[Saved entries]
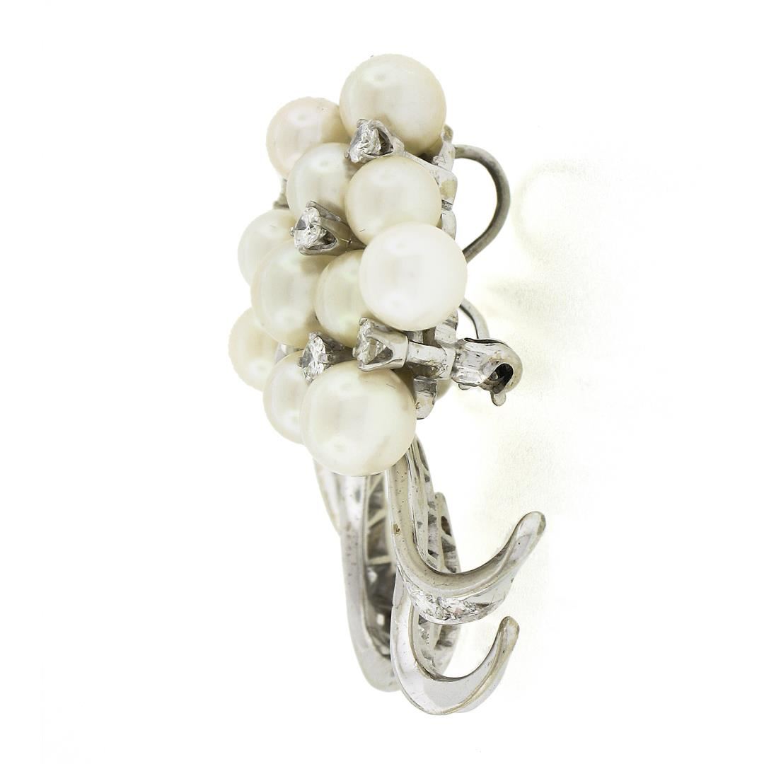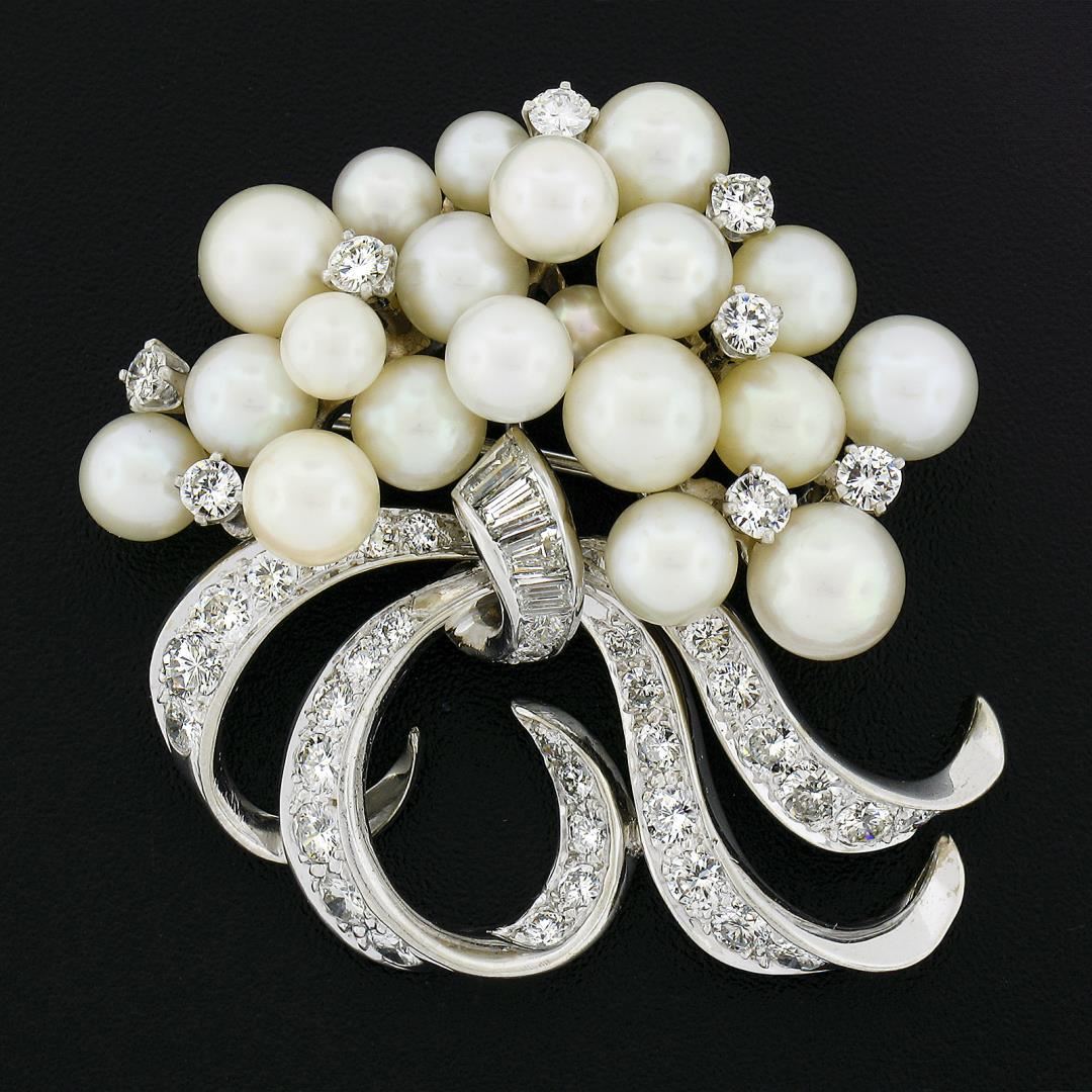 A vintage solid 14k white gold brooch pendant, with 20 round shape cultured pearls (4.0-6.55mm each), accented with 44 round brilliant cut & 4 tapered baguette cut natural diamonds (G-I - VS1-VS2 w/ a few SI1 ; 1.90ctw). Measures 37.6x37.7mm and weighs a total of 16.43 grams, inside bail measurements 6.1x4.4mm.
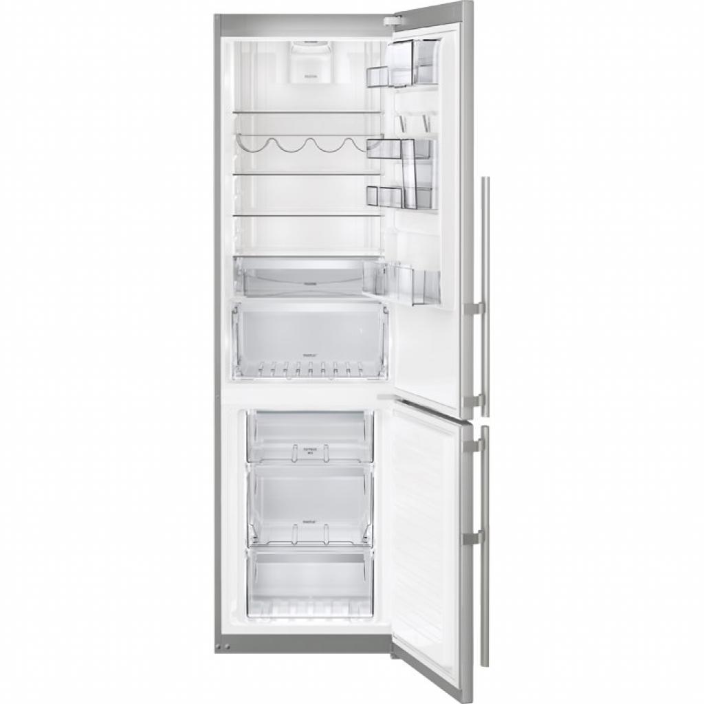 Интенсивный режим заморозки ActionFreeze обеспечивает интенсивное замораживание продуктов с сохранением их вкуса и витаминов. Для очистки воздуха внутри холодильника от нежелательных запахов и других загрязнений имеется фильтр TasteGuard. Холодильное отделение оснащено зоной свежести для более качественного хранения продуктов, 4 стеклянными полками, 5 дверными корзинами и одним вместительным ящиком для овощей. Морозильное отделение разделено на три секции. Данная модель оснащена информационным дисплеем и энергоэффективным светодиодным освещением в обоих отделениях. Дверца холодильника
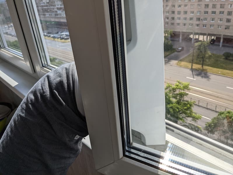 Удобнее всего размещать слайдер кондиционера в сдвижном окне — вертикальном или горизонтальном. При такой установке конструкция полностью перекрывает щель оконного проема, эффективно выводя теплый воздух наружу и не оставляет дополнительных щелей. К сожалению, окна такой конструкции не получили у нас заметного распространения, и мы тестировали кондиционер с традиционными, распашными рамами.
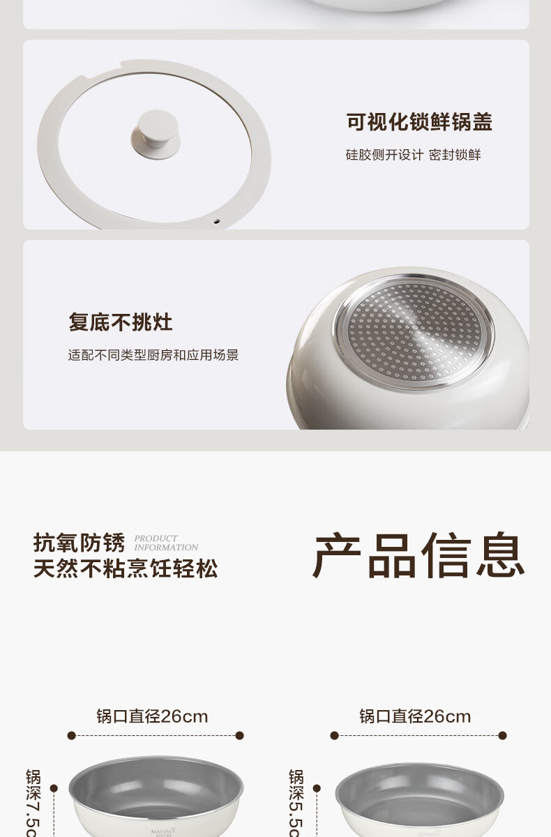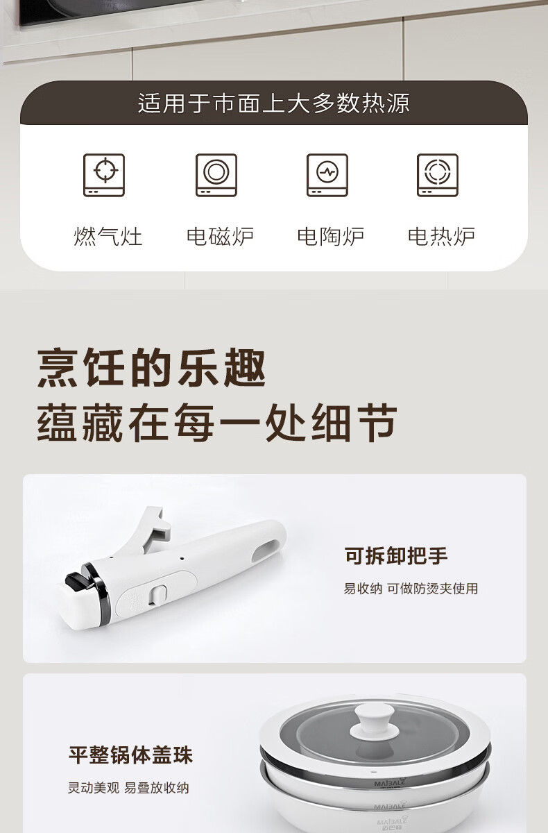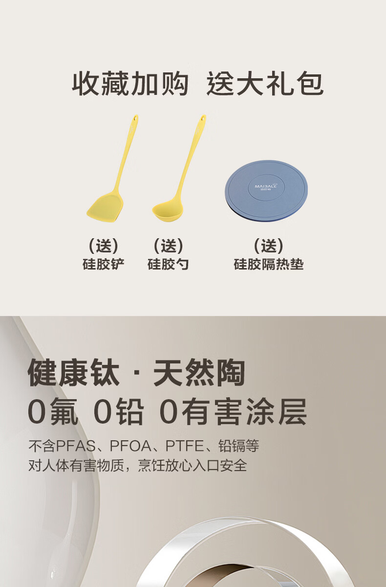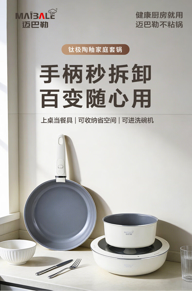 迈巴勒钛极陶釉不粘锅具套装家用炒锅汤锅平底锅煎锅陶瓷涂层健康锅
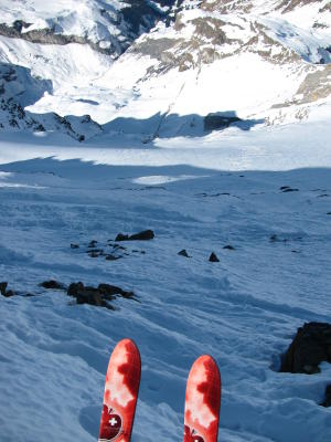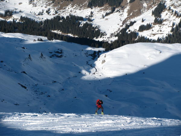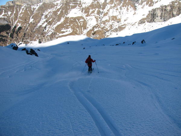 In der Steilabfahrt vom Hohtürli ist uns ein kleines Schneebrett im Steilgelände (ganz im Osten des Nordhanges) abgegangen (viel akkumulierter Pulver, der schon grobkörnig ist).
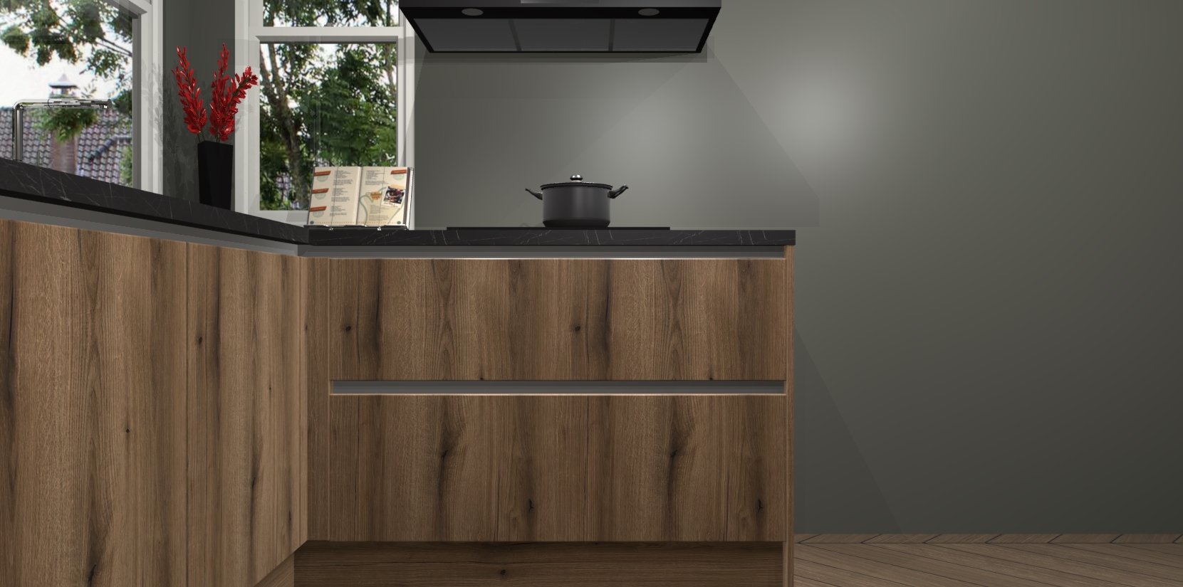 En dat is nog niet alles: u krijgt al dit gemak ook nog eens voor een vaste lage prijs! Bovendien is de levering snel: de Goud Eiken greeploze keuken Kotor wordt al 7 weken na bestelling geleverd! Dat klopt - we leveren ze zelfs voorgemonteerd voor uw gemak. Dus waarom wachten? Haal de Goud Eiken greeploze keuken Kotor vandaag nog in huis - een prachtige hoekkeuken met alle toeters en bellen die uw huis nodig heeft. Wacht niet - handel nu zolang de voorraad strekt!
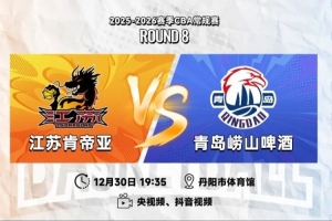 12月30日19:35,2025-26赛季CBA常规赛第八轮,江苏肯帝亚结束三连客,将回归主场丹阳市体育馆,迎战青岛崂山啤酒。
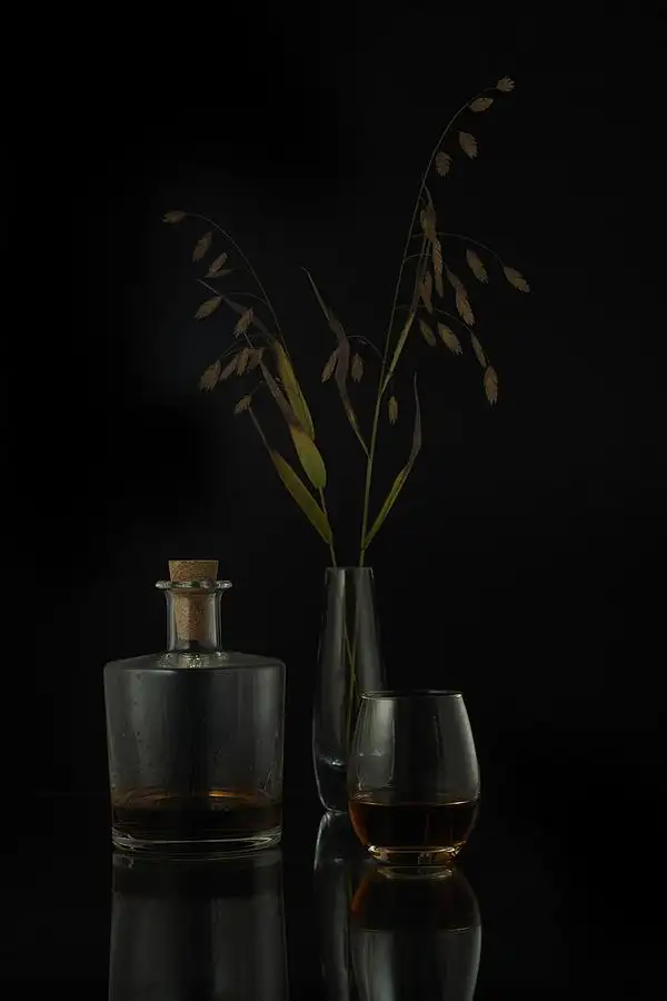 Whisky and grass in glassware. Made using Leica Summilux-R 80/1.4

### BRIEF:
Above are records with pictures. Reproduce exactly only the lines from the line with "迈巴勒钛极陶釉不粘锅具套装家用炒锅汤锅平底锅煎锅陶瓷涂层健康锅" through the line with "In der Steilabfahrt", both ends included, and leave the pictures out.

### TASK ANSWER:
 迈巴勒钛极陶釉不粘锅具套装家用炒锅汤锅平底锅煎锅陶瓷涂层健康锅
 In der Steilabfahrt vom Hohtürli ist uns ein kleines Schneebrett im Steilgelände (ganz im Osten des Nordhanges) abgegangen (viel akkumulierter Pulver, der schon grobkörnig ist).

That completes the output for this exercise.